After finding the line with "Штатная магнитола Teyes" in the entries below, copy that line and each one after it exactly, through the last line, and omit pictures.

(Information shown)
⁂

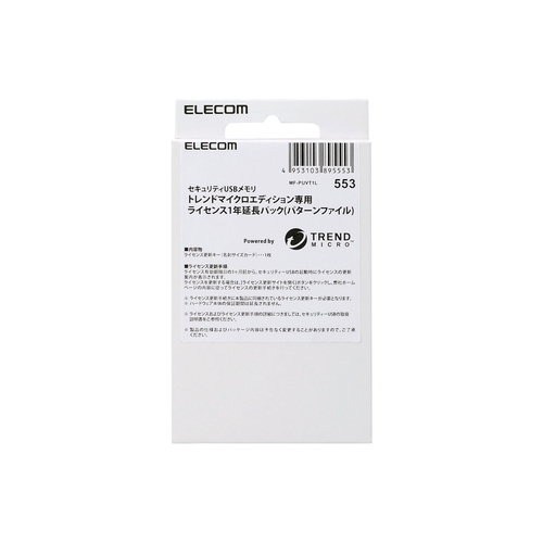 トレンドマイクロ版ウイルス対策機能付きセキュリティUSBメモリのウイルスパターンファイル更新ライセンス期間1年延長パック。
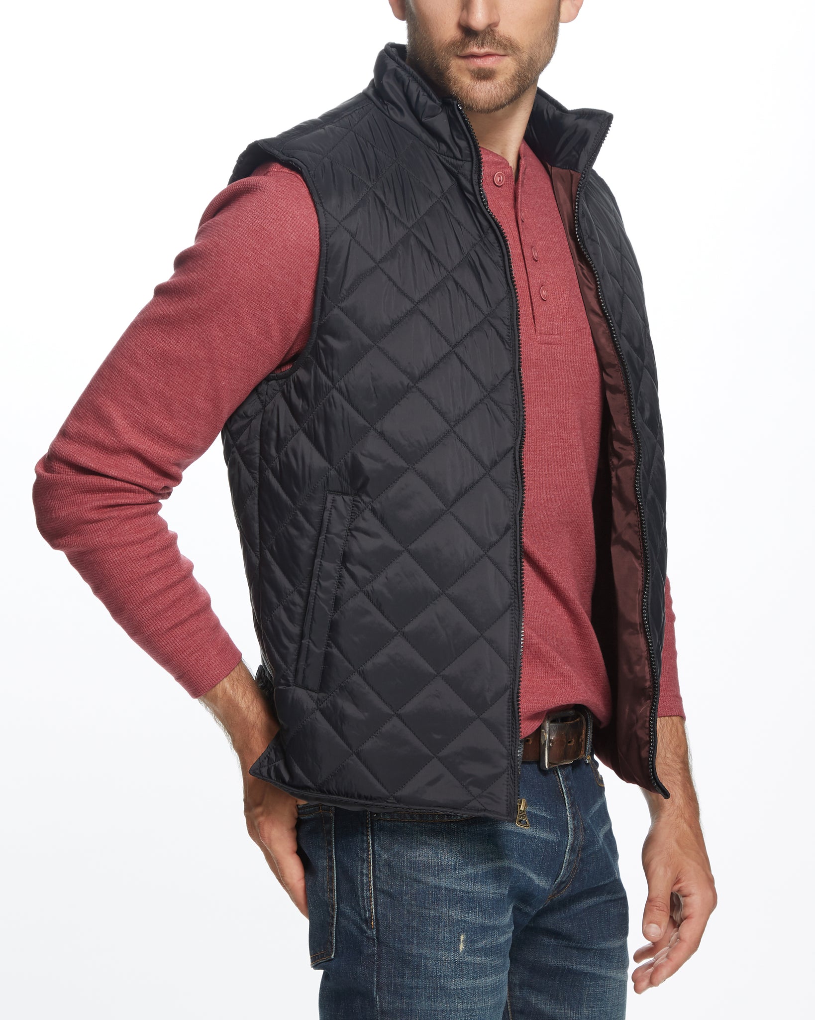 - Detail: Quilted lightweight padded insulation, windproof, zip up front, hand warmer pockets, interior chest pocket, contrasting burgundy lining, imported
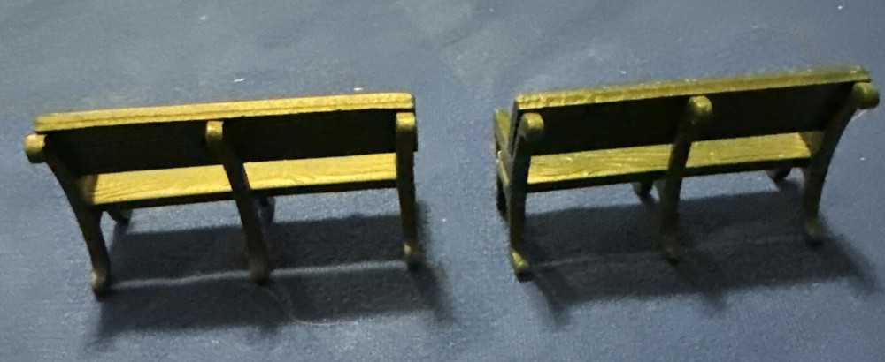 Add a touch of traditional charm to your Christmas village with this set of two wrought iron park benches from Department 56. These green benches are perfect for any room and occasion, including Christmas, holiday display, winter display, dollhouse display, and village train set up. Measuring 2.5 inches in length, 1.5 inches in height, and 1.25 inches in width, they are small enough to fit into any scene. The rectangular shape and vintage style of these benches make them a great addition to any Christmas village collection. They are suitable for teens and adults and are perfect for display during the late 20th century (1990-1999). Whether you're a collector or just starting your Christmas village, these park benches are a must-have. Excellent Pre-owned Collectable Condition Please look at our eBay store for unique collectibles and quality vintage items. Read our Seller Feedback and shop with confidence. See all the photos as they are part of the description and show condition . Item pictured is item that you will receive - except when item has a quantity in which item will be in similar condition to item pictured. If Box and paperwork are included with used item it will be included in the photos. Please note that color may vary due to lighting in the photos. Please ask any and all questions BEFORE purchasing. I try to describe as best as I can and all sales are AS IS. We are not experts on any items and all information is to the best of our knowledge. We do offer combined shipping on orders for multiple items. For Combined shipping simply commit to buy then request an invoice prior to making payment. Payment is expected within 5 days. You may ask for additional time otherwise order is Canceled after 5 days if not paid. Please see all photos to help determine Condition * Thank you for looking at our items!!! * We try to respond to all questions and offers as quickly as possible!! * We ship within 1 business day after the payment is received!! * We are always looking for new items each day to list so be sure to follow our store as listings are updated daily!! * Condition of items are based on our opinions!! High Value items will be shipped insured and may require signature on delivery. J9
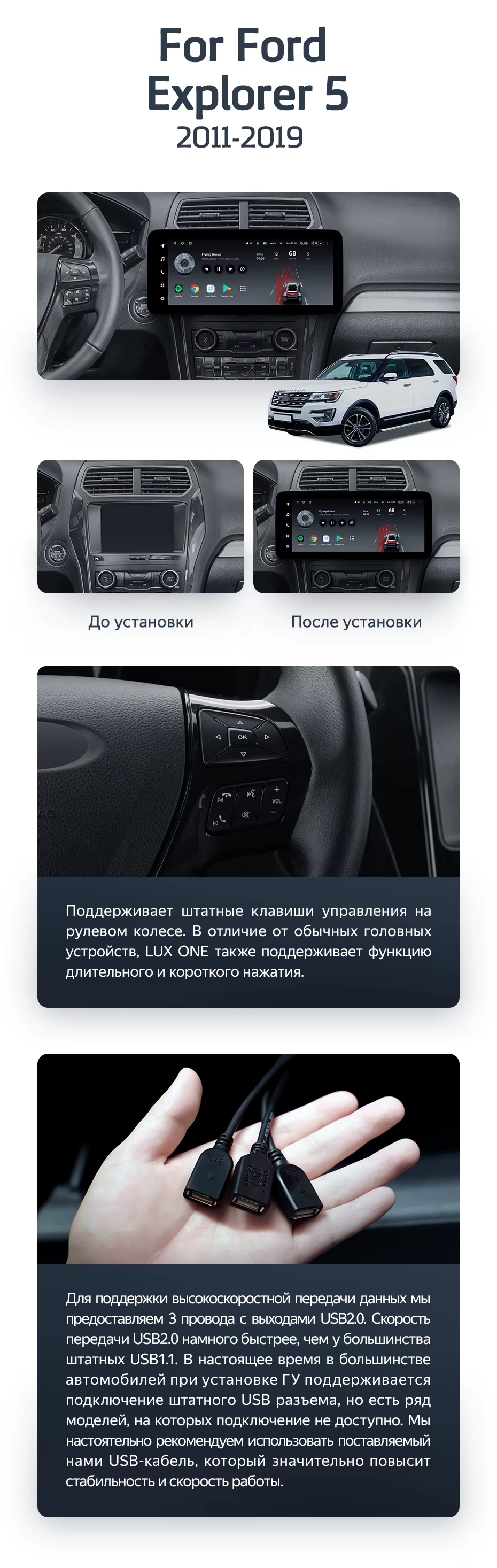 Штатная магнитола Teyes LUX ONE 6/128 Ford Explorer 5 (2011-2019) - купить всего за 54 000 руб. в интернет-магазине во Владимире Teyes.com.ru. ✓ Самый лучший выбор мультимедиа ✓ Лучшая замена штатному ГУ ✓ Тел. +7 (800) 775-31-74
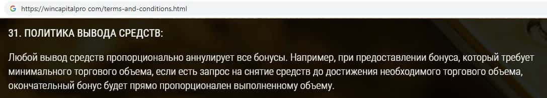 В качестве приманки скам-брокер Вин Капитал Про обещает начисление бонусных денежных средств на торговый счет, которые вывести потом будет невозможно.
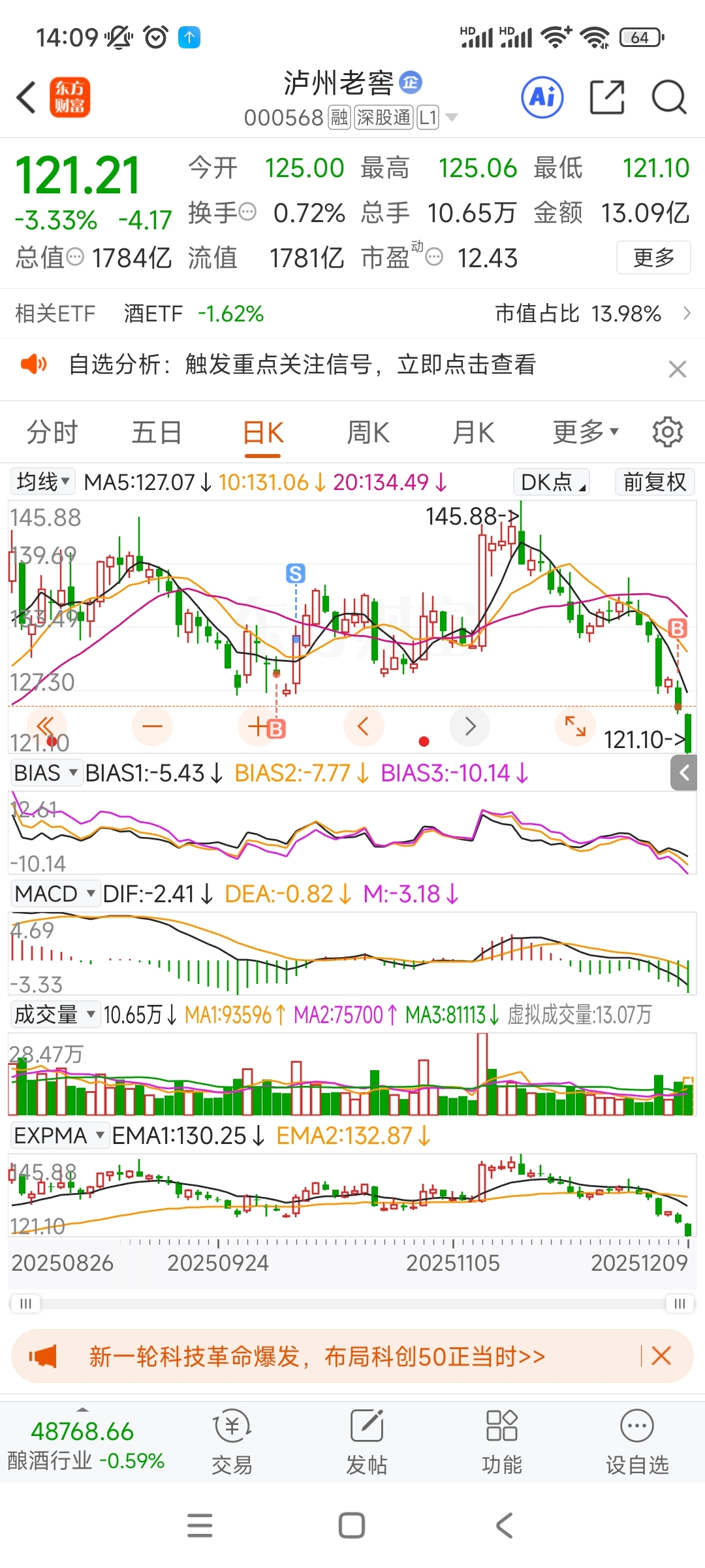 $泸州老窖(SZ000568)$ 遭老罪了,等企稳在买,我就买了一手
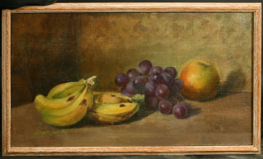 W. Weber, A still life of bananas, grapes and an apple, oil on canvas board, bears signature, 9" x 17.5", (23 x 44cm).
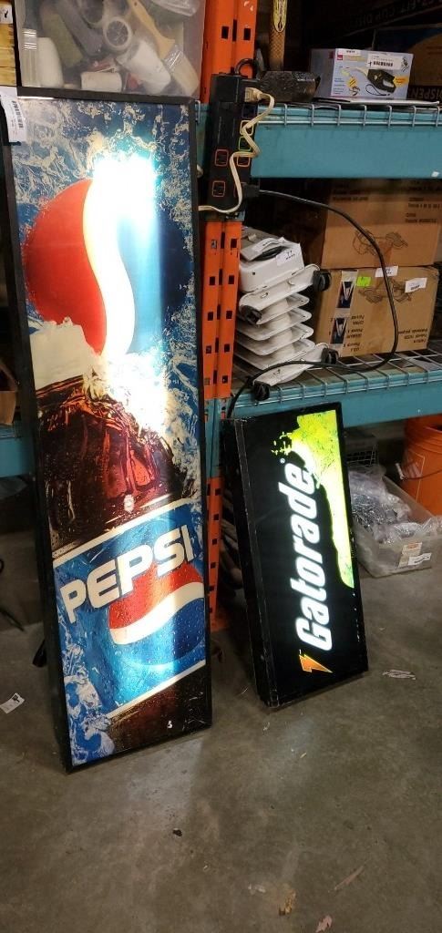 GATORADE AND PEPSI LIGHT UP ADVERTISING SIGNS, PEPSI IS 14" X 53" AND GATORADE IS 12" X 28" BOTH 110 VOLT PLUG

⁂

(Exercise response)
 Штатная магнитола Teyes LUX ONE 6/128 Ford Explorer 5 (2011-2019) - купить всего за 54 000 руб. в интернет-магазине во Владимире Teyes.com.ru. ✓ Самый лучший выбор мультимедиа ✓ Лучшая замена штатному ГУ ✓ Тел. +7 (800) 775-31-74
 В качестве приманки скам-брокер Вин Капитал Про обещает начисление бонусных денежных средств на торговый счет, которые вывести потом будет невозможно.
 $泸州老窖(SZ000568)$ 遭老罪了,等企稳在买,我就买了一手
 W. Weber, A still life of bananas, grapes and an apple, oil on canvas board, bears signature, 9" x 17.5", (23 x 44cm).
 GATORADE AND PEPSI LIGHT UP ADVERTISING SIGNS, PEPSI IS 14" X 53" AND GATORADE IS 12" X 28" BOTH 110 VOLT PLUG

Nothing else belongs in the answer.